🤖 AI Summary
To address physiological signal degradation in remote photoplethysmography (rPPG) caused by facial motion, illumination variations, and noise, this paper proposes the Synergistic State-Space Dual (SSSD) paradigm. It introduces, for the first time, a dual-path architecture that tightly couples state-space models with attention mechanisms, augmented by a Multi-scale Query (MQ) mechanism to enhance time-frequency feature interaction. The method jointly leverages spatiotemporal modeling capacity and dynamic perception capability. Evaluated on PURE, UBFC-rPPG, and MMPD benchmarks, it achieves significant improvements over state-of-the-art methods—reducing average mean absolute error (MAE) by 12.7%—while demonstrating markedly improved cross-scenario generalization and real-time inference capability. This work establishes a robust, efficient paradigm for contactless remote health monitoring.
📝 Abstract
Remote Photoplethysmography (rPPG) enables non-contact physiological signal extraction from facial videos, offering applications in psychological state analysis, medical assistance, and anti-face spoofing. However, challenges such as motion artifacts, lighting variations, and noise limit its real-world applicability. To address these issues, we propose PhysMamba, a novel dual-pathway time-frequency interaction model based on Synergistic State Space Duality (SSSD), which for the first time integrates state space models with attention mechanisms in a dual-branch framework.

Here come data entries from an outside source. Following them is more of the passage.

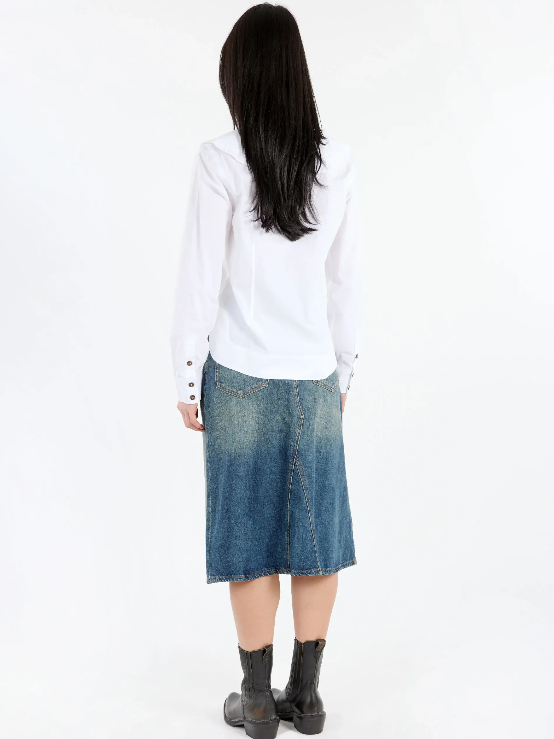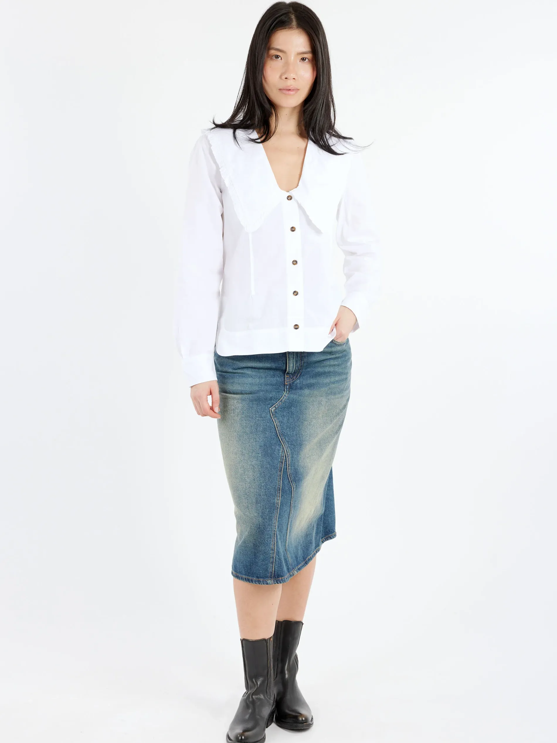 This Cotton Poplin V-neck Frill Collar Shirt is made from certified organic cotton. The shirt is designed for a regular fit.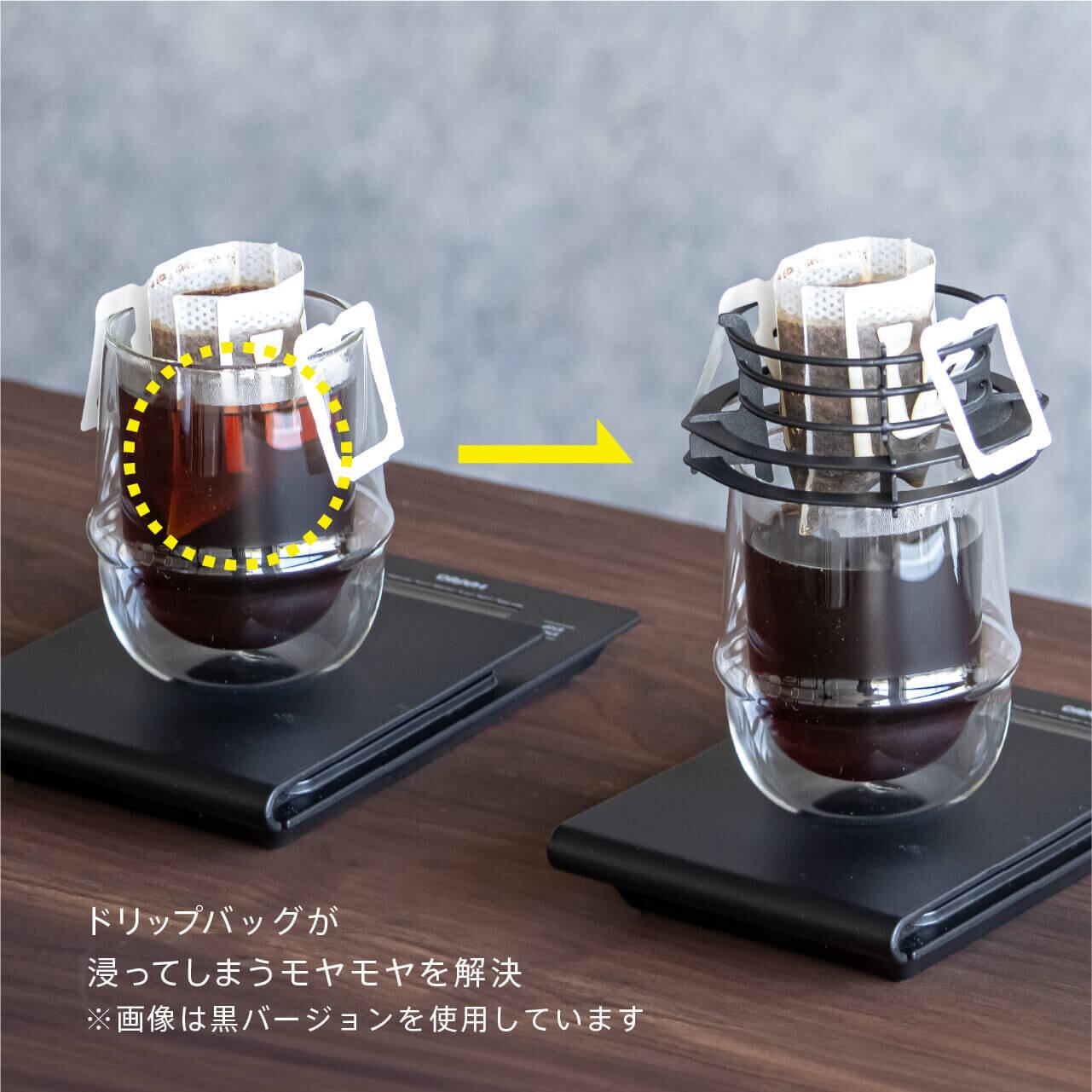 幅広いカップやドリップバッグの形状に対応し、しっかりとホールドして倒れにくく、安定した抽出をサポートします。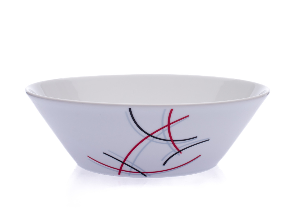 Vneste do svého stolování svěžest a originalitu s touto kompotovou mísou Tom, která zaujme svým moderním tvarem a motivem červených a modrých čar. Velkou mísu využijete na Vánoce na servírování bramborového salátu, nebo v ní můžete zadělávat těsto na oblíbené buchty. V tomto moderním designu koupíte kompletní jídelní servis i talířovou sadu.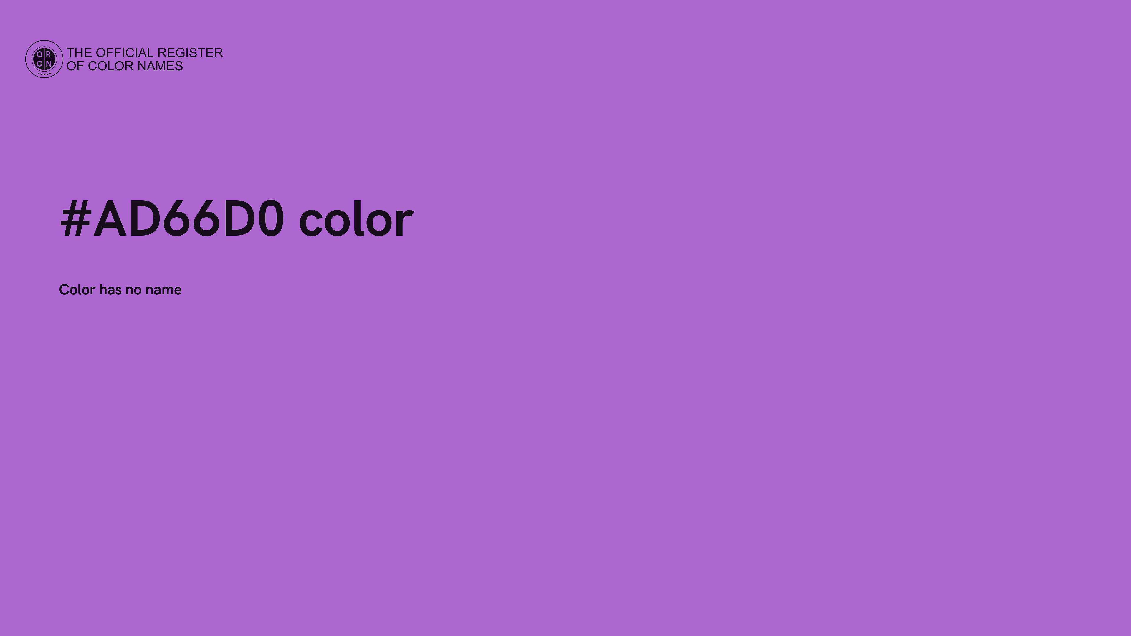 The digital color HEX #AD66D0 belongs to the Violet Color Family featuring Moderate Saturation (Saturation Family) and Very Light (Brightness Family).

Combined with a Multi-Scale Query (MQ) mechanism, PhysMamba achieves efficient information exchange and enhanced feature representation, ensuring robustness under noisy and dynamic conditions. Experiments on PURE, UBFC-rPPG, and MMPD datasets demonstrate that PhysMamba outperforms state-of-the-art methods, offering superior accuracy and generalization. This work lays a strong foundation for practical applications in non-contact health monitoring, including real-time remote patient care.